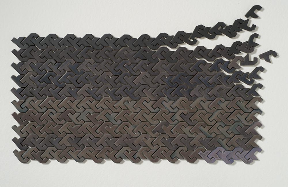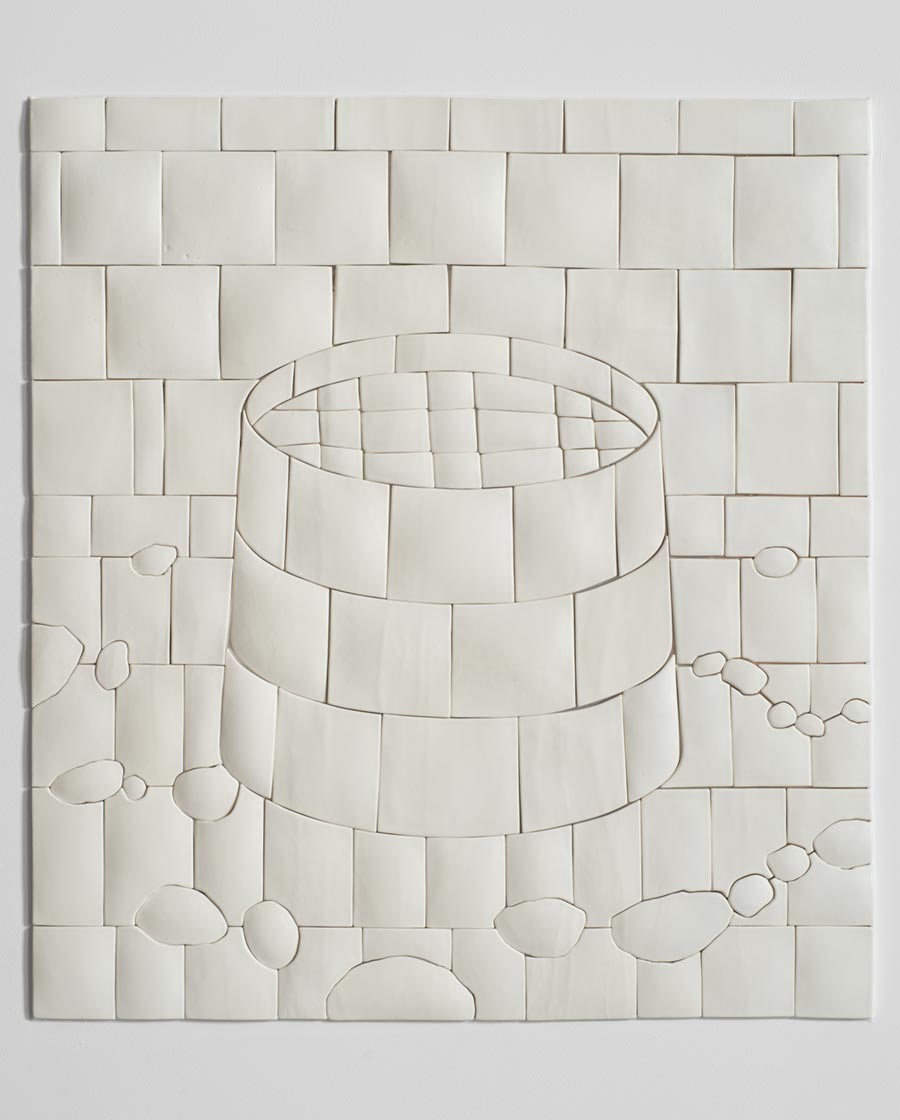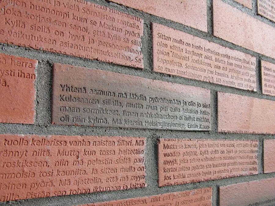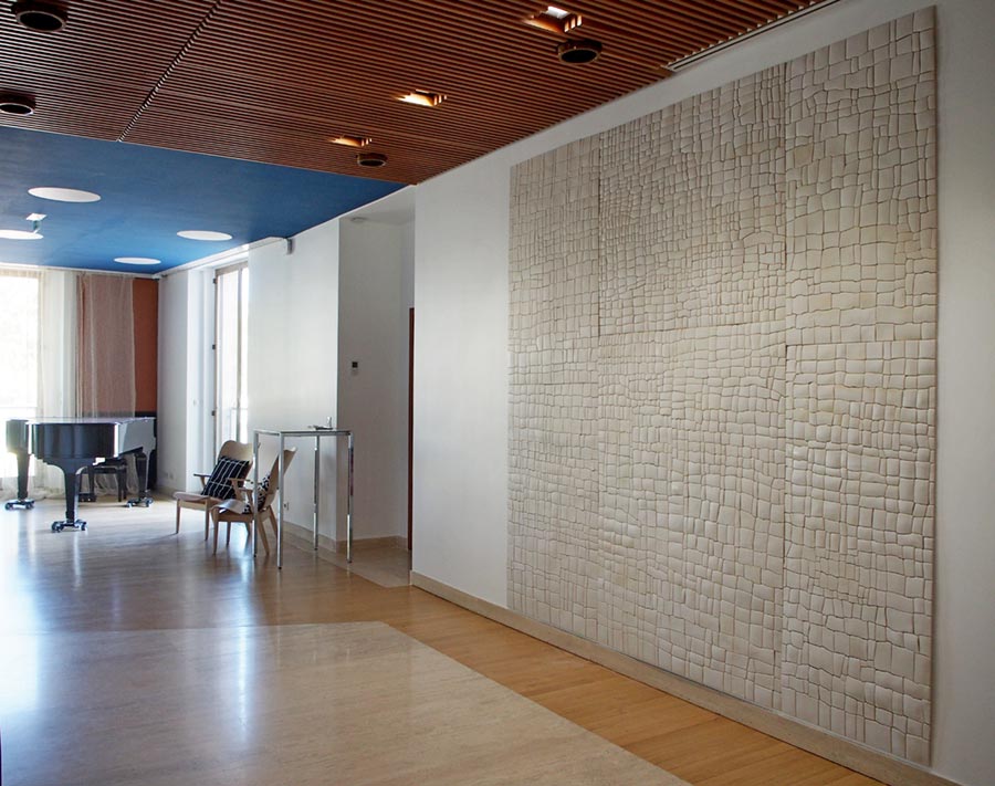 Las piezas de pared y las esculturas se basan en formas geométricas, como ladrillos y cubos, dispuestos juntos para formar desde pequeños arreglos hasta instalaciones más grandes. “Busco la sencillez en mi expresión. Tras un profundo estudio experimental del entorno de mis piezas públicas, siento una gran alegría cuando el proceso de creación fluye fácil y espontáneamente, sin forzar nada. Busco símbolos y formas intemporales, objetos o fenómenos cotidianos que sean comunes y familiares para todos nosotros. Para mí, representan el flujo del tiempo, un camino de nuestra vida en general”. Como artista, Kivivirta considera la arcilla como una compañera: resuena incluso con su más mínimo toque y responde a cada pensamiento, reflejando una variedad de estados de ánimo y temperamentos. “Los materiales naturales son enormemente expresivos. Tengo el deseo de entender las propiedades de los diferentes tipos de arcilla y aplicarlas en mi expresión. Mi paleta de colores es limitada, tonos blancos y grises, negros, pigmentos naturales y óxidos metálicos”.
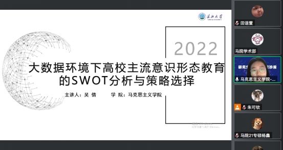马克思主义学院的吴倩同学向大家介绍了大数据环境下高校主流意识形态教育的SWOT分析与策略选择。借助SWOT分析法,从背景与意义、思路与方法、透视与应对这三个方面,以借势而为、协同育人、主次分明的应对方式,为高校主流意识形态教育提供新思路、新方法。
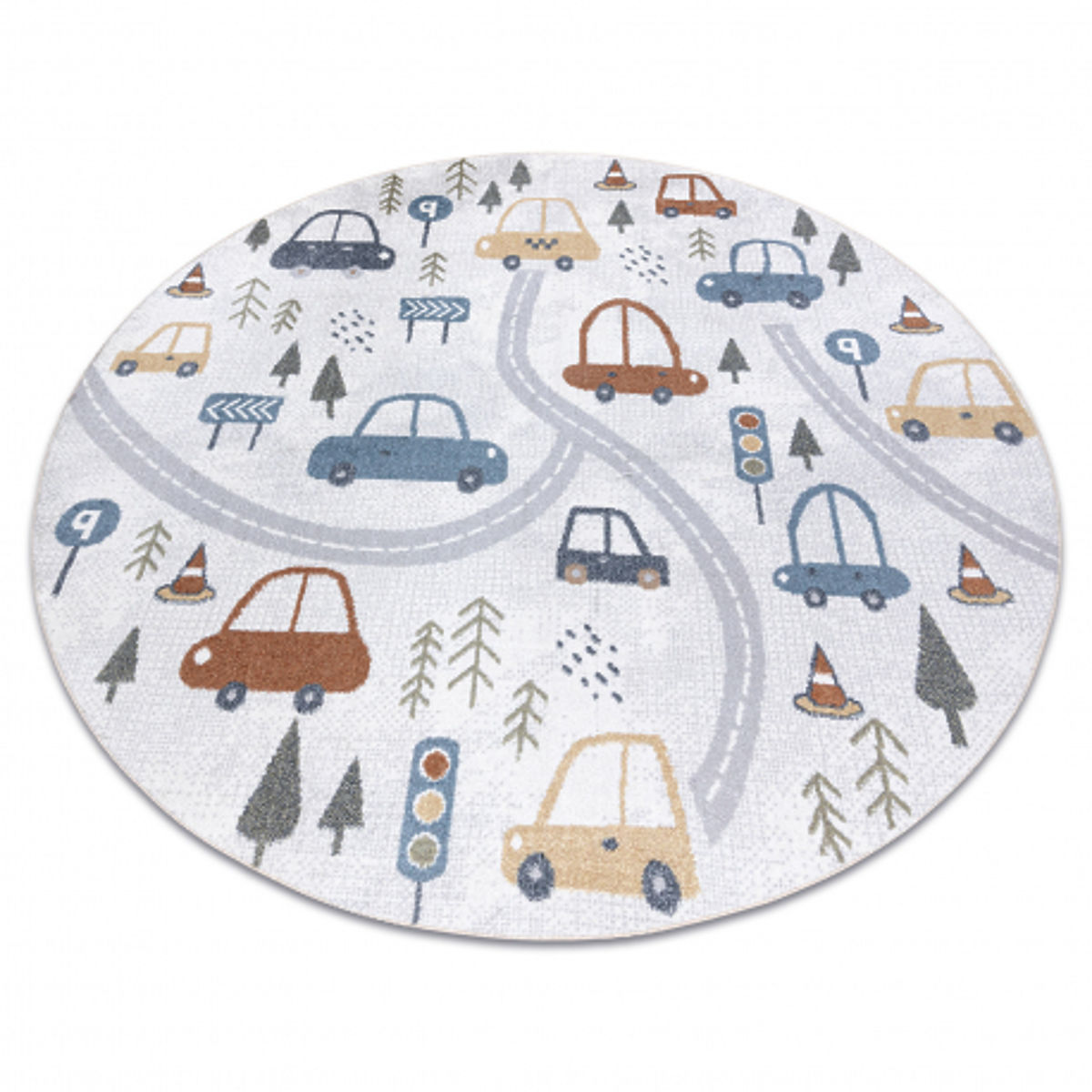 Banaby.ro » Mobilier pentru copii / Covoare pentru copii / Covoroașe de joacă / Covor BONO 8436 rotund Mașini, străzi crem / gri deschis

****************

Goal of the exercise ::
None of the pictures belong in the copy. Write out exactly the lines from the line that holds "马克思主义学院的吴倩同学向大" through the last line of the listing above, both ends included.

Response for this exercise ::
马克思主义学院的吴倩同学向大家介绍了大数据环境下高校主流意识形态教育的SWOT分析与策略选择。借助SWOT分析法,从背景与意义、思路与方法、透视与应对这三个方面,以借势而为、协同育人、主次分明的应对方式,为高校主流意识形态教育提供新思路、新方法。
 Banaby.ro » Mobilier pentru copii / Covoare pentru copii / Covoroașe de joacă / Covor BONO 8436 rotund Mașini, străzi crem / gri deschis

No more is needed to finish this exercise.